• _Instructions to follow_
The expected output is the full data, repeated exactly, without pictures.

• _Material to process_
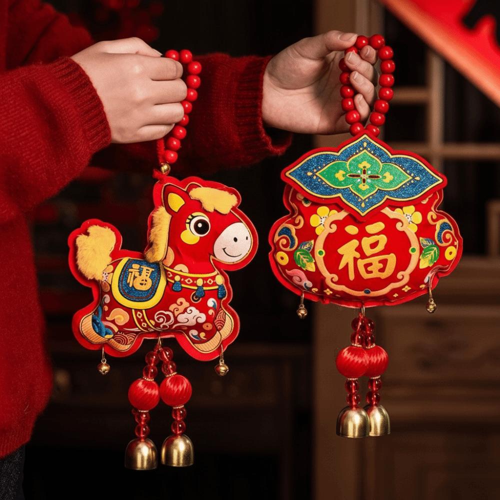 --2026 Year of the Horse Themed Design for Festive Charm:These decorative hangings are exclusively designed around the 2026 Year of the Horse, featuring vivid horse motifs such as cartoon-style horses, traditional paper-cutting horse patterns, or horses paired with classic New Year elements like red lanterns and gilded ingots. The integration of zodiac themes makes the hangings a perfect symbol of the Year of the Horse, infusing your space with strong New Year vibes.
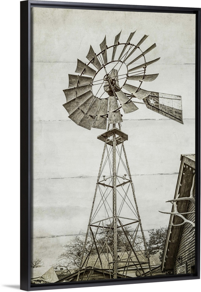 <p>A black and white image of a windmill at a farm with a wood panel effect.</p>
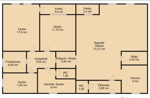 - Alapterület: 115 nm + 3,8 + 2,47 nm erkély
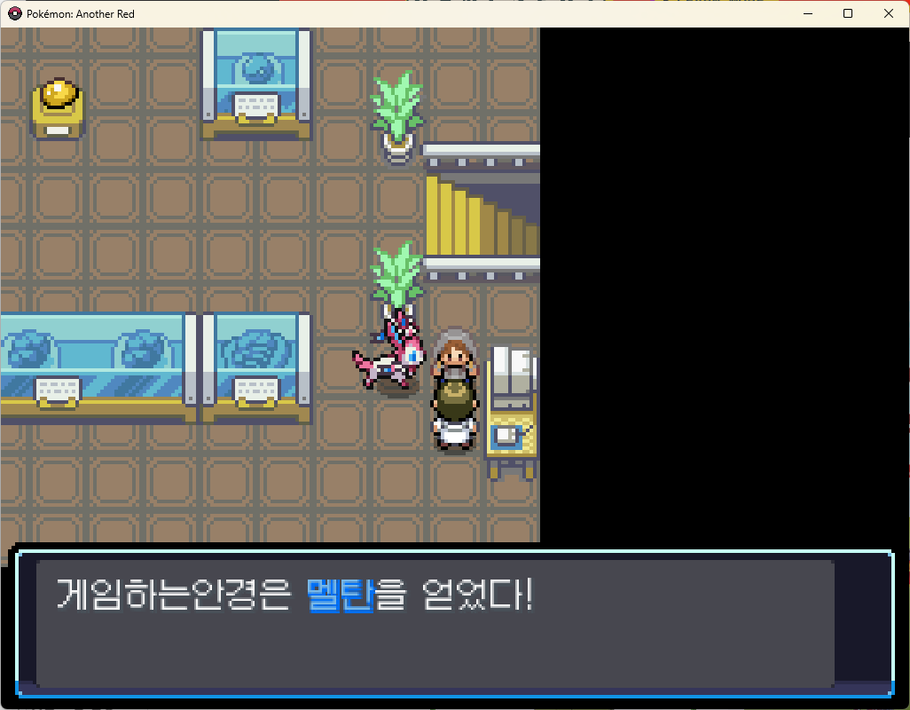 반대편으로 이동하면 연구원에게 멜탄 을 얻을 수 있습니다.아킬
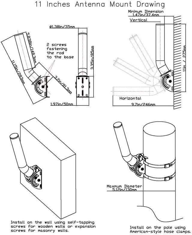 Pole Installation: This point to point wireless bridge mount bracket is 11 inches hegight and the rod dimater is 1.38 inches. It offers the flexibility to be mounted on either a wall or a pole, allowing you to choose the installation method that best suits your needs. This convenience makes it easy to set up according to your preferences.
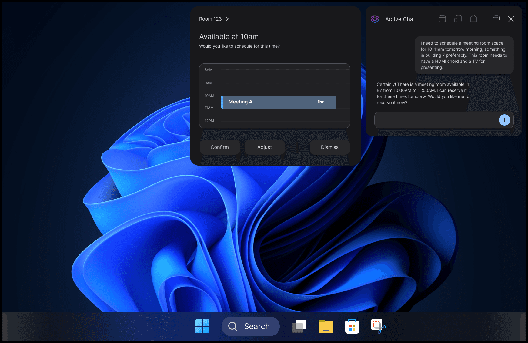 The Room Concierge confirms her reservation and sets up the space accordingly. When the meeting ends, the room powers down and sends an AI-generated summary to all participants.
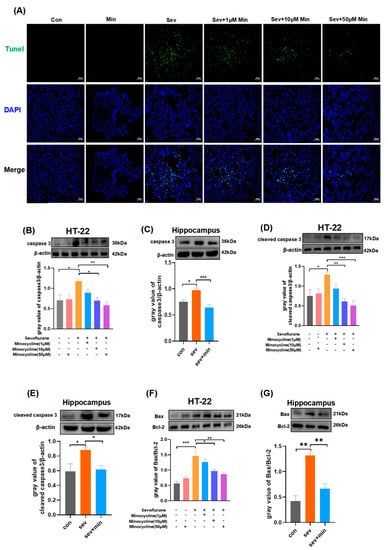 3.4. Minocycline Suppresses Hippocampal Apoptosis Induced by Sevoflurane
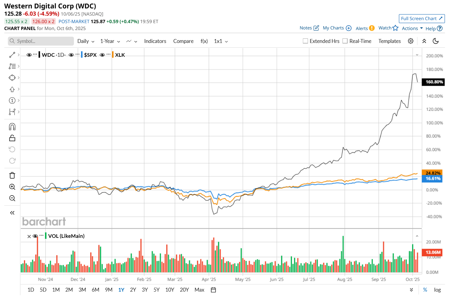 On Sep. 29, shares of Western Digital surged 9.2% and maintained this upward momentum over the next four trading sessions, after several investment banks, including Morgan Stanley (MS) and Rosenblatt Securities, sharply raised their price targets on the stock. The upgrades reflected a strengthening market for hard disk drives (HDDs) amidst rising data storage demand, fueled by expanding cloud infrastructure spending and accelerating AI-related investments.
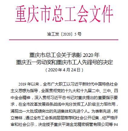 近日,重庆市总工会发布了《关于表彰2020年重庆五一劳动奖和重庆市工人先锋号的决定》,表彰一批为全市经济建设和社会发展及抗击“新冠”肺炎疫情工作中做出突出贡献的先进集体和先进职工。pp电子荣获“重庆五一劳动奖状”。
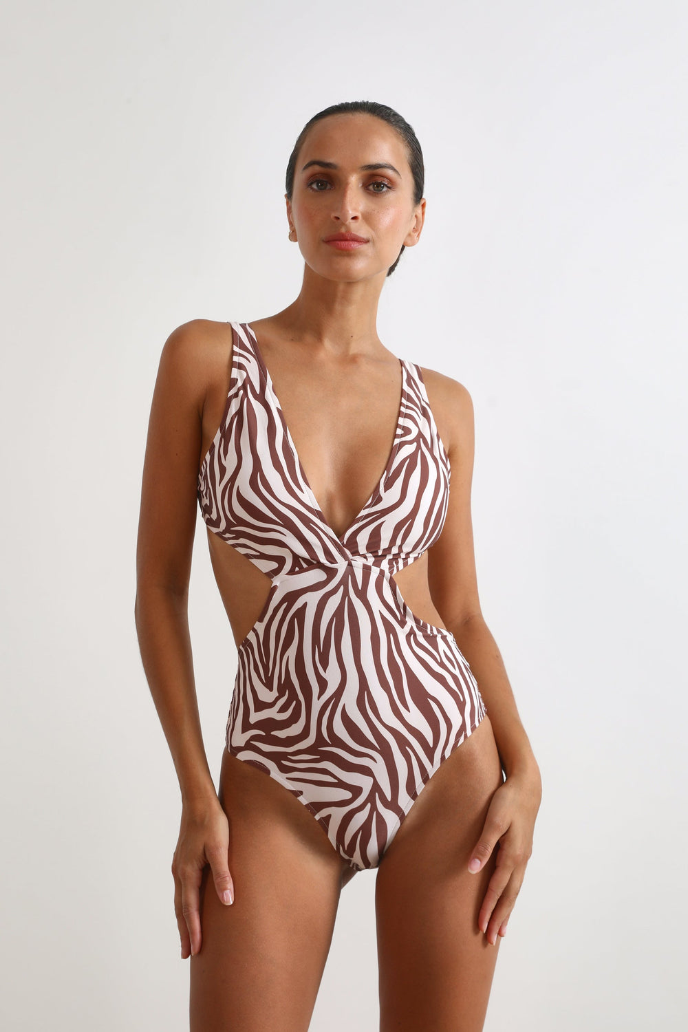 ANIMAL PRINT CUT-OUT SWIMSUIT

• _Response below_
 --2026 Year of the Horse Themed Design for Festive Charm:These decorative hangings are exclusively designed around the 2026 Year of the Horse, featuring vivid horse motifs such as cartoon-style horses, traditional paper-cutting horse patterns, or horses paired with classic New Year elements like red lanterns and gilded ingots. The integration of zodiac themes makes the hangings a perfect symbol of the Year of the Horse, infusing your space with strong New Year vibes.
 <p>A black and white image of a windmill at a farm with a wood panel effect.</p>
 - Alapterület: 115 nm + 3,8 + 2,47 nm erkély
 반대편으로 이동하면 연구원에게 멜탄 을 얻을 수 있습니다.아킬
 Pole Installation: This point to point wireless bridge mount bracket is 11 inches hegight and the rod dimater is 1.38 inches. It offers the flexibility to be mounted on either a wall or a pole, allowing you to choose the installation method that best suits your needs. This convenience makes it easy to set up according to your preferences.
 The Room Concierge confirms her reservation and sets up the space accordingly. When the meeting ends, the room powers down and sends an AI-generated summary to all participants.
 3.4. Minocycline Suppresses Hippocampal Apoptosis Induced by Sevoflurane
 On Sep. 29, shares of Western Digital surged 9.2% and maintained this upward momentum over the next four trading sessions, after several investment banks, including Morgan Stanley (MS) and Rosenblatt Securities, sharply raised their price targets on the stock. The upgrades reflected a strengthening market for hard disk drives (HDDs) amidst rising data storage demand, fueled by expanding cloud infrastructure spending and accelerating AI-related investments.
 近日,重庆市总工会发布了《关于表彰2020年重庆五一劳动奖和重庆市工人先锋号的决定》,表彰一批为全市经济建设和社会发展及抗击“新冠”肺炎疫情工作中做出突出贡献的先进集体和先进职工。pp电子荣获“重庆五一劳动奖状”。
 ANIMAL PRINT CUT-OUT SWIMSUIT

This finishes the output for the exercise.